The Ritchie Centre, Monash Institute of Medical Research, Monash University, Clayton, Victoria, Australia.
BMJ Open. 2013 Dec 23;3(12):e004141. doi: 10.1136/bmjopen-2013-004141.
Fetal growth restriction complicates about 5% of pregnancies and is commonly caused by placental dysfunction. It is associated with increased risks of perinatal mortality and short-term and long-term morbidity, such as cerebral palsy. Chronic in utero hypoxaemia, inflammation and oxidative stress are likely culprits contributing to the long-term neurological sequelae of fetal growth restriction. In this regard, we propose that melatonin, a powerful antioxidant, might mitigate morbidity and/or mortality associated with fetal growth restriction. Melatonin has an excellent biosafety profile and crosses the placenta and blood-brain barrier. We present the protocol for a phase I clinical trial to investigate the efficacy of maternal oral melatonin administration in women with a pregnancy complicated by fetal growth restriction.
The proposed trial is a single-arm, open-label clinical trial involving 12 women. Severe, early onset fetal growth restriction will be diagnosed by an estimated fetal weight ≤10th centile in combination with abnormal fetoplacental Doppler studies, occurring before 34 weeks of pregnancy. Baseline measurements of maternal and fetal well-being, levels of oxidative stress and ultrasound and Doppler measurements will be obtained at the time of diagnosis of fetal growth restriction. Women will then start melatonin treatment (4 mg) twice daily until birth. The primary outcomes are the levels of oxidative stress in the maternal and fetal circulation and placenta. Secondary outcomes are fetoplacental Doppler studies (uterine artery, umbilical artery middle cerebral artery and ductus venosus), fetal biometry, fetal biophysical profile and a composite determination of neonatal outcome. A historical cohort of gestational-matched fetal growth restriction and a healthy pregnancy cohort will be used as comparators.

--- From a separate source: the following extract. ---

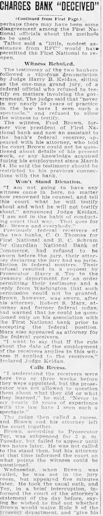 CHARGES BANK "DECEIVED" from First Page.) there may among the First National officials about the used Talbot "little, modest aspermitted the First National open. Witness Rebuked. The the bankers followed by Judge Harry Keidan, the grand federal official refused testify the law seen such and to allow the witness to Brown, forFirst tional an assistant federal peared his who the Brown could questioned details his present work, during his March the testimony be his previous connections Won't Stand Dictation. going to have any no matter and tell this testify about and testify about, Judge Keidan. not the habit court That for National and Schram National Bank refused before the declaring had no refusal Harry Toy the treasury for an order their testimony and reply Washington that such not after torney former federal warned that he could be questioned his association with bank prior as attorney for the federal that If the rule the of the the receivers to the Judge Calls Recess. were appointed. but the proseabout what they did or what experience the have such spectacle judge called recess, and Brown his left together Brown. according Prosecutor failed called to stand then, but attorney what points the witness could Brown was called, room, but five minutes later. He took usual and Toy, brief interruption, formed the of the attorney the day ing he find out of treasury department, and "give

Ethical approval has been obtained from Monash Health Human Research Ethics Committee B (HREC12133B). Data will be presented at international conferences and published in peer-reviewed journals.

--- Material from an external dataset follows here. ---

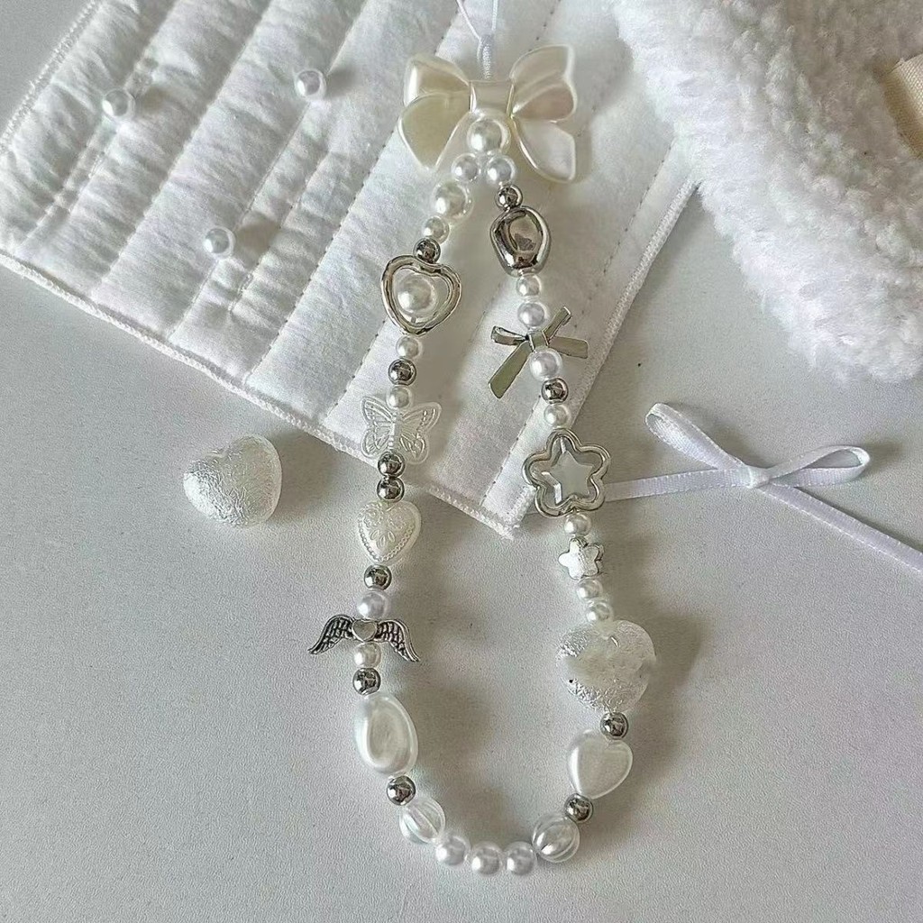 INS Coreano Bonito Arco Branco Coração Pérola Contas Frisado Corrente De Telefone Para Câmera Do iPhone Pendurado Corda

Clinical Trials, protocol registration system: NCT01695070.
胎儿生长受限是一种较为常见的妊娠并发症,约占 5%,其主要病因是胎盘功能障碍。胎儿生长受限与围产期死亡率以及短期和长期发病率(如脑瘫)的增加有关。慢性宫内缺氧、炎症和氧化应激可能是导致胎儿生长受限的长期神经后遗症的罪魁祸首。在这方面,我们认为褪黑素作为一种强大的抗氧化剂,可能减轻与胎儿生长受限相关的发病率和/或死亡率。褪黑素具有良好的生物安全性,可穿过胎盘和血脑屏障。我们提出了一项关于母体口服褪黑素治疗胎儿生长受限孕妇的 I 期临床试验方案。
该试验为单臂、开放标签临床试验,涉及 12 名女性。严重的早期胎儿生长受限将通过估计胎儿体重≤第 10 百分位数与异常胎儿胎盘多普勒研究相结合来诊断,其发生在妊娠 34 周之前。在诊断胎儿生长受限时,将获得母体和胎儿健康状况、氧化应激水平以及超声和多普勒测量的基线数据。然后,女性将开始每天两次接受褪黑素治疗(4 毫克)直至分娩。主要结局是母胎循环和胎盘的氧化应激水平。次要结局是胎儿胎盘多普勒研究(子宫动脉、脐动脉、大脑中动脉和静脉导管)、胎儿生物测量、胎儿生物物理特征以及新生儿结局的综合判断。将使用妊娠匹配的胎儿生长受限的历史队列和健康妊娠队列作为对照组。
蒙纳士健康人体研究伦理委员会 B(HREC12133B)已获得伦理批准。数据将在国际会议上展示,并发表在同行评议期刊上。
临床试验,方案注册系统:NCT01695070。